Assignment. Print every line of the material below exactly as it stands, but omit the pictures.

Information supplied.
● ● ●

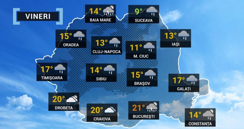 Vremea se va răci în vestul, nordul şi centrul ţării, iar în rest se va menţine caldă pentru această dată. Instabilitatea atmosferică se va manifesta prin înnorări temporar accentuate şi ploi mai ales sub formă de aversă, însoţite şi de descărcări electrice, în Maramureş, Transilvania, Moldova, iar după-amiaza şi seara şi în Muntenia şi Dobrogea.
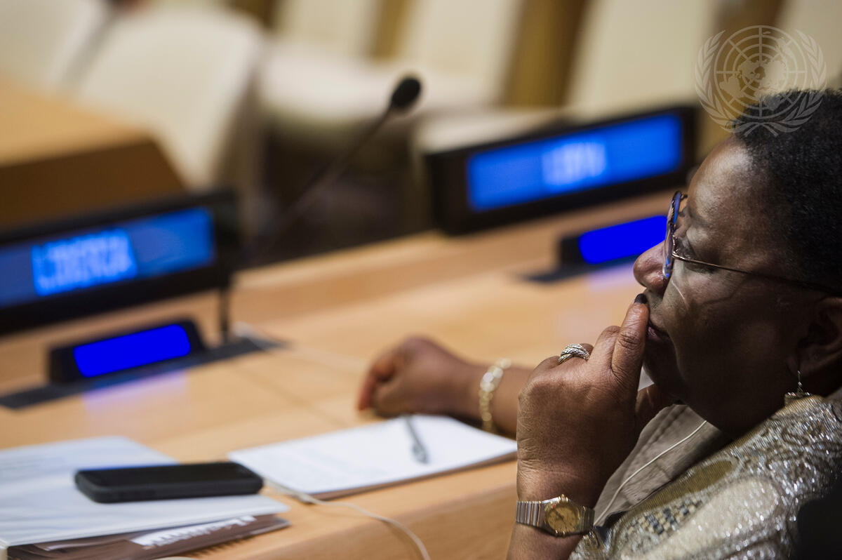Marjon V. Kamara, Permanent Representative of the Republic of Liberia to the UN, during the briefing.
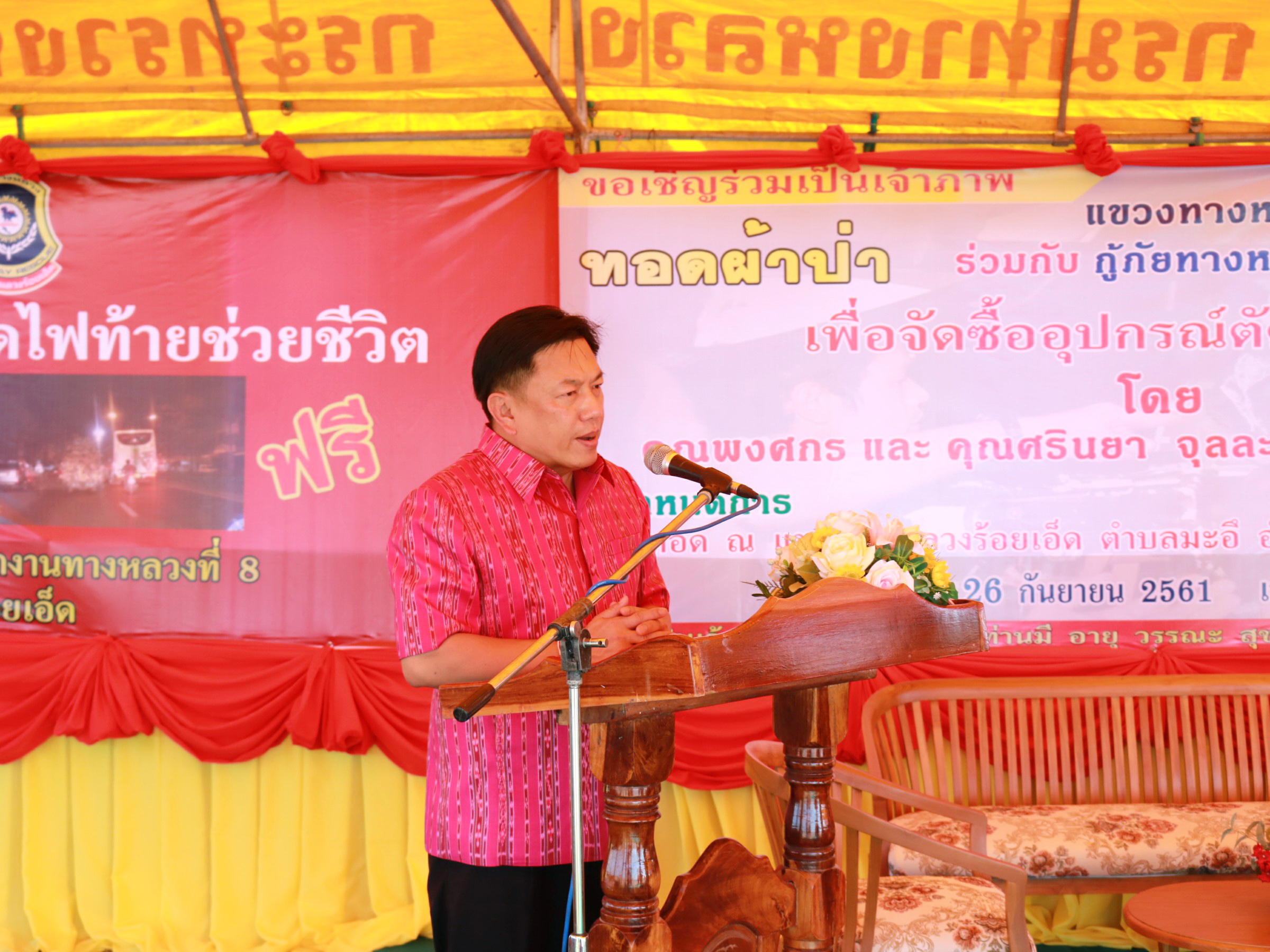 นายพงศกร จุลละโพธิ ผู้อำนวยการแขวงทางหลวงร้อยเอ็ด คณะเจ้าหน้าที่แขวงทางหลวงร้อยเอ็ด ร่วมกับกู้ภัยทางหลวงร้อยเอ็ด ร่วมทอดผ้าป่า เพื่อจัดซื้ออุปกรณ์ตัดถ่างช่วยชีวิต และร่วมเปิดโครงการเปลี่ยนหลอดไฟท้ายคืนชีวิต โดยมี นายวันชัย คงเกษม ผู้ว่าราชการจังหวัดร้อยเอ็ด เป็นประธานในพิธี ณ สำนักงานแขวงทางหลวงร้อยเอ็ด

● ● ●

The completed task.
 Vremea se va răci în vestul, nordul şi centrul ţării, iar în rest se va menţine caldă pentru această dată. Instabilitatea atmosferică se va manifesta prin înnorări temporar accentuate şi ploi mai ales sub formă de aversă, însoţite şi de descărcări electrice, în Maramureş, Transilvania, Moldova, iar după-amiaza şi seara şi în Muntenia şi Dobrogea.
Marjon V. Kamara, Permanent Representative of the Republic of Liberia to the UN, during the briefing.
 นายพงศกร จุลละโพธิ ผู้อำนวยการแขวงทางหลวงร้อยเอ็ด คณะเจ้าหน้าที่แขวงทางหลวงร้อยเอ็ด ร่วมกับกู้ภัยทางหลวงร้อยเอ็ด ร่วมทอดผ้าป่า เพื่อจัดซื้ออุปกรณ์ตัดถ่างช่วยชีวิต และร่วมเปิดโครงการเปลี่ยนหลอดไฟท้ายคืนชีวิต โดยมี นายวันชัย คงเกษม ผู้ว่าราชการจังหวัดร้อยเอ็ด เป็นประธานในพิธี ณ สำนักงานแขวงทางหลวงร้อยเอ็ด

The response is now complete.